子どもにこそ人権や権利がないとならない(そうでないと、問題がおきてしまうのがある)

 人格ができていないのが子どもである。子どものころから人権や権利を持ち出すのはよくない。雑誌の対談の中でこうした意見が言われている。学校の生徒に人権は無いとか、体罰よりも戦後教育を全否定せよ、といったことも言われている。

 人格ができていないのが子どもだということだが、人格というのはいつの時期にできあがるものなのだろうか。ここまでは人格ができていなくて、ここから先は人格ができている、とはっきりとさし示すのはできづらい。そうしたものではないだろう。

 人格が有るのと無いのとで分けるのは適したものとは言えそうにない。
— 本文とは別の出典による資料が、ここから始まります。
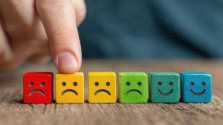 Colorful wooden blocks representing various emotions with a hand selecting a block, illustrating feelings and expressions of happiness and sadness

それを分けてしまうのは、人格を実体視してしまうことにつながりかねない。そうではなくて、みんなにあまねく人格があるとした方がふさわしい。建て前であるのはまぬがれないかもしれないが。

 子どもには人格ができていないために、子どものころから人権や権利を持ち出すのはまずいとするのには、うなずくことはできない。その逆に、子どものころから人権や権利を持ち出すようにするのがのぞましい。

 人格ができているかいないかというよりは、そうしたこととは関わりなく、生きて行くためにいる基本的必要(ベーシック・ニーズ)は誰であってもそれを満たすことができるのが理想だ。この必要を満たすのは、子どもであるとか大人であるとかというのは関わりがない。何かをなした(支払った)対価として与えられるものではなく、贈与によるものである。

 子どもとひとくくりに言っても、相対的に強い子どももいれば弱い子どももいる。ちがいがある。生き抜いて行きやすい子どもを主としてしまうと、生存者バイアスにおちいってしまう。それを避けるためには、子どもは可傷性(ヴァルネラビリティ)を持っていると見なすことがいる。可傷性をもつ子どもを守るために、人権や権利を十分にとることがいる。人権や権利は、子どもから大人がうばってはいけないものだろう。

 子どもを厳しくしつけて育てたほうがよいのだというのも言えるのがあり、それについての十分な反論にはなっていないのはあるかもしれない。子どもを厳しくしつけて育てるのがよいとするのは、まちがった意見だということはできそうにない。それはそれで(やりようによっては)うまくすれば一つの正しいあり方ではあるのだろう。父権主義(パターナリズム)になるのはいなめないが。

 一つ見すごしてはならないのは、大人とは分け隔てて、子どもだからというふうに見てしまうことで、それが差別になってしまうことがあるのがあげられる。子どもの生存は、大人と同じように、守られないとならない。子どもが健やかに育って行くのは社会にとっての益である。子どもの生存がおびやかされて、しいたげられて、傷ついてしまうのは、社会の中にあることだし、決してめずらしいことではない。学校ではいじめの被害は深刻だ。家庭では虐待が行なわれるのはまれなことではない。

 不幸にも子どもが命をうばわれたり絶ってしまったりしてしまった例があり、これはあってはならないことだけど、それがおきてしまったのがある。命は保たれるにしても、ずっと癒えない傷を負いつづけることもある。これは子どもに暴力が振るわれたことをあらわす。この負のできごとに子どもが見舞われたことは、子どものあり方を不当にねじ曲げてしまったことになる。こうした不当なことがおきてしまうのを減らして行き、無くして行くことがないとならない。負のできごとがおきてしまうことは、社会が不健全であることをあらわす。非人間的な社会であることをあらわしている。社会が抱える否定の契機が隠ぺいされて抹消されてしまっている。否定の契機は社会が抱える負の痕跡である。